With all due deference, that really is a bit of a twist – although one is tempted to admit that some colleagues to occasionally tend to trend that way, if only in rhetoric.

Science is not generally conceived conceived as a “way to true and certain knowledge”, and certainly not as the only such way!
(I am reminded here on an old science fiction story, where a humanity overwhelmed by smarter, more powerful and hostile aliens pushes them back with a desperation blow, to gain time to gain parity, with the rationale that the aliens may be smarter, more powerful and nastier, but in the end they had no better approach to the world than the scientific method, so parity with the aliens was achievable – the humans were right…).

The essence of science is falsifiability and repeatability.
This is often a vaguely incomplete approach, certainly in astronomy of all sciences, but is still the core of science as a method.

Science does not assert true and certain knowledge, it aspires to reject false and uncertain knowledge.

This is subtly different, but in an important way. As you successively reject false knowledge, a lot of concepts remain untested, as well as some concepts that have passed multiple tests; those concepts may be inconsistent, and thus presumably some are provably false still; other concepts may be mutually consistent, different perspectives on the same essential truth (in so far as there is such).
Some are, certainly, unprovable – that was shown scientifically. Some of those we may choose to be true, or false, which is interesting.

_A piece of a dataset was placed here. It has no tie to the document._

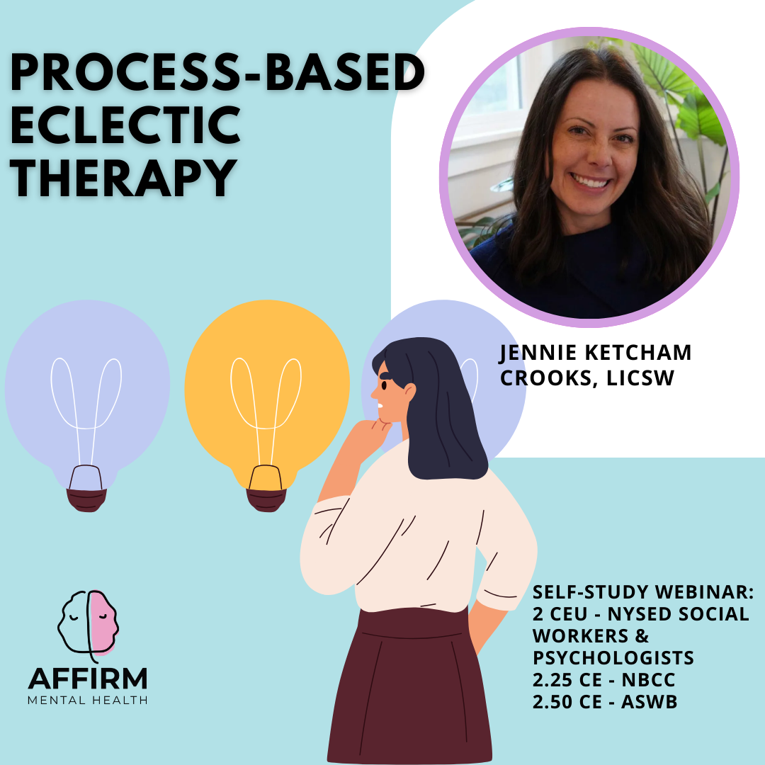 In this prerecorded webinar, participants will explore Process-Based Eclectic Therapy—a structured yet flexible approach to integrating therapeutic modalities based on core processes of change. These universal change processes support individualized care while maintaining clinical integrity. This course equips clinicians with practical tools to implement an evidence-based eclectic approach, helping them identify and target key processes, select effective interventions, and adapt treatment in real time based on client needs.

That is science, not a naive caricature of scientism.

The question of whether there is an inherently better methodology than science to establish truth, or provide falsifiability, is interesting. The answer must, at some level, depend on the actual structure of the universe – that is, some logical structures that would provide the observable universe may, in principle, be better comprehended through some method other than science, but most plausible structures for the actual universe seem like they will be tested as well with scientific metholodogy as any other method – assuming the universe is rational and susceptible to logical analysis and consistency checks.

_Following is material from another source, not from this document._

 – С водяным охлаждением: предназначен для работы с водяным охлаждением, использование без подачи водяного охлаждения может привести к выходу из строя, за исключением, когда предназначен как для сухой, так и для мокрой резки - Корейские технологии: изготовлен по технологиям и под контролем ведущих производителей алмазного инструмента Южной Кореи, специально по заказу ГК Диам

Which the structure of the actual universe is, is an interesting question – for now though, the pragmatic approach would suggest that the scientific method is the way to go, as it certainly has some functionality, whereas other proposed methods do not appear to be well tested or consistent.

Comments

  1. #1 Blaine Hebert
    January 5, 2010

    Could one assume that most astronomical science is deductive (uses deductive reasoning) whereas most pure lab science is inductive?

  2. #2 Craig Heinke
    January 5, 2010

    I like to think I use inductive reasoning in my astrophysics research–not always, but from time to time. X-ray binary X does Y, also X2 does Y, also X3 does Y, maybe all X do Y….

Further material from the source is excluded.